You'll see %edi/%esi in assembly but rdi/rsi in GDB. They're the same physical registers - %edi is the 32-bit version, rdi is the full 64-bit version. Same register, different bit widths.
Let’s See This in Action! Step-by-Step GDB Guide
1. Compile with debug symbols
2. Start GDB and set breakpoint
3. Inspect the registers after function execution
Register Output After add_two(1,2) Completes
rax 0x3 3 # Return value (1+2=3)
rbx 0x0 0
rcx 0x555555557e18 93824992247320
rdx 0x1 1 # Used during calculation
rsi 0x2 2 # Second argument (b)
rdi 0x1 1 # First argument (a)
rbp 0x7fffffffdac0 0x7fffffffdac0 # Stack frame pointer
rsp 0x7fffffffdab0 0x7fffffffdab0 # Stack pointer Key observations:
rdi = 1(first argumenta)rsi = 2(second argumentb)rax = 3(return value: 1 + 2 = 3)
Registers aren't always enough!
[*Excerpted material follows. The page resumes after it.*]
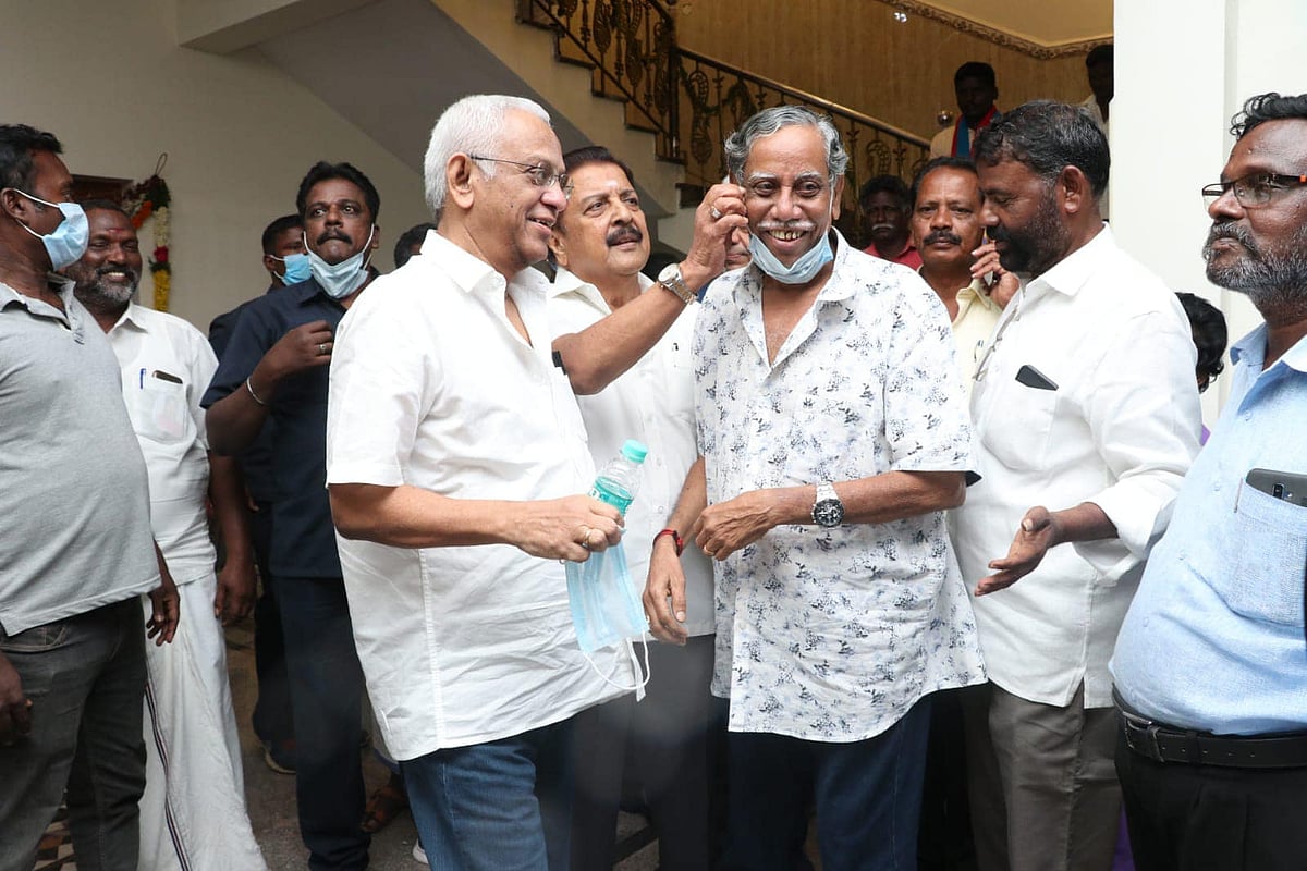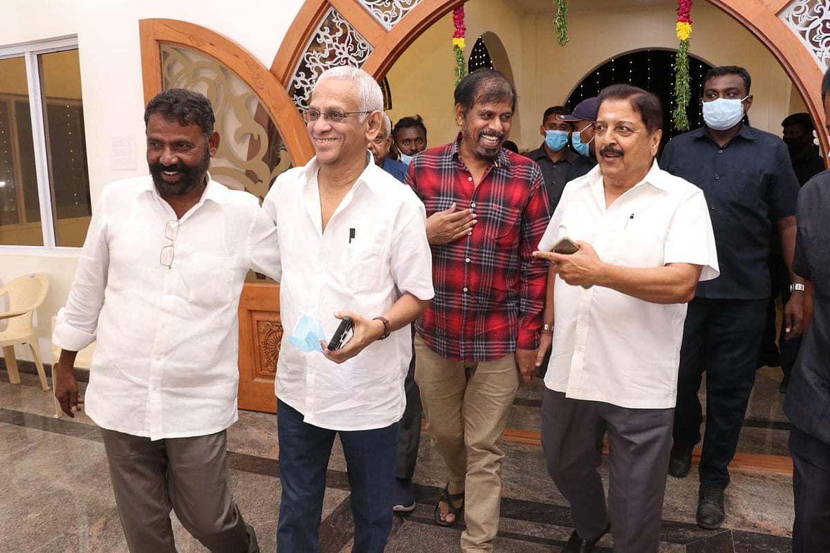 'தீரன் அதிகாரம் ஒன்று', 'ஜெய் பீம்', 'வலிமை' படங்களின் கலை இயக்குநர் கதிர், சென்னை அருகே உள்ள வானகரத்தில் திருமண மண்டபம் ஒன்றை கட்டியிருக்கிறார். நேற்று நடந்த இதன் திறப்பு விழாவிற்கு நடிகர்கள் சிவகுமார், ஆர்.கே.செல்வமணி, கலை இயக்குநர்கள் எனப் பலரும் கலந்து கொண்டு வாழ்த்தினர். விழாவில் பங்கேற்ற ஓவியர் டிராட்ஸ்கி மருதுவிடம் பேசினேன்.

When you have more arguments than available registers, or large local variables, or complex data structures, the CPU has to use the stack (which is in RAM). This is why you see those mov instructions putting values on the stack (-0x4(%rbp), -0x8(%rbp)) - the compiler is managing limited register space.
Memory Management
Okay, so we’ve established that the control of whether memory lives in registers, CPU cache, or RAM is abstracted away from us and not in our control (thank goodness). What we do have control of in C is how we allocate our program’s memory that lives in RAM.
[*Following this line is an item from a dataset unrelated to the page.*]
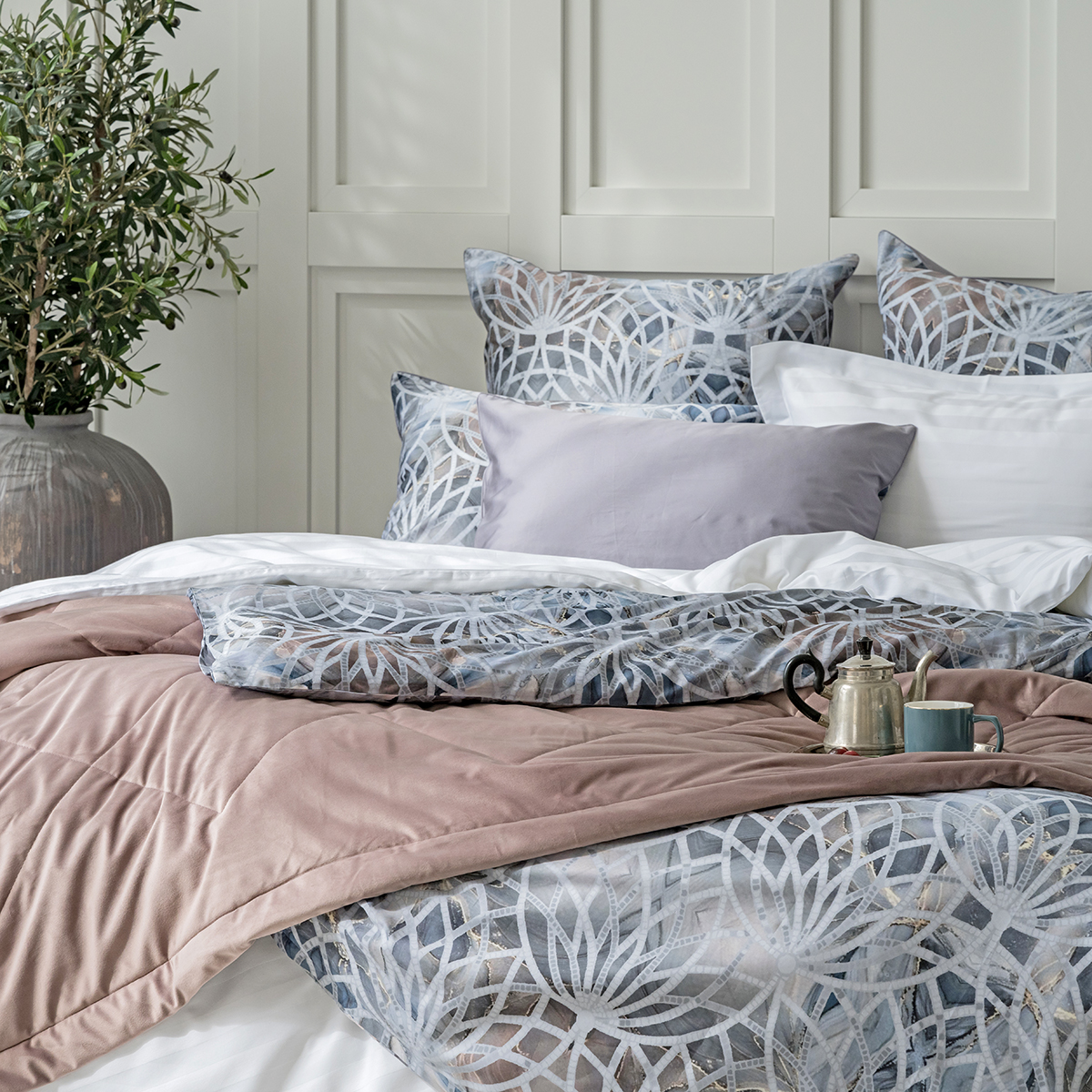 Нет ничего прекраснее кровати, которая так и манит в свои нежные объятия! Наши исключительно мягкие комплекты из мако-сатина действуют именно так — они дышащие, гладкие, прочные и словно созданы для аристократической спальни.

Memory in RAM is stored on the Stack (the one we just talked about) or the Heap (we’ll get into it very soon). But before we dive into Stack vs Heap, we gotta clarify something important.
Virtual Memory: Your Program’s Safety Net
We do not store our memory directly on the RAM - that would be unsafe (we could overwrite or peek into another process’s memory). This is one of the core functions of the kernel. The kernel decides how much memory a program can access by assigning it virtual memory.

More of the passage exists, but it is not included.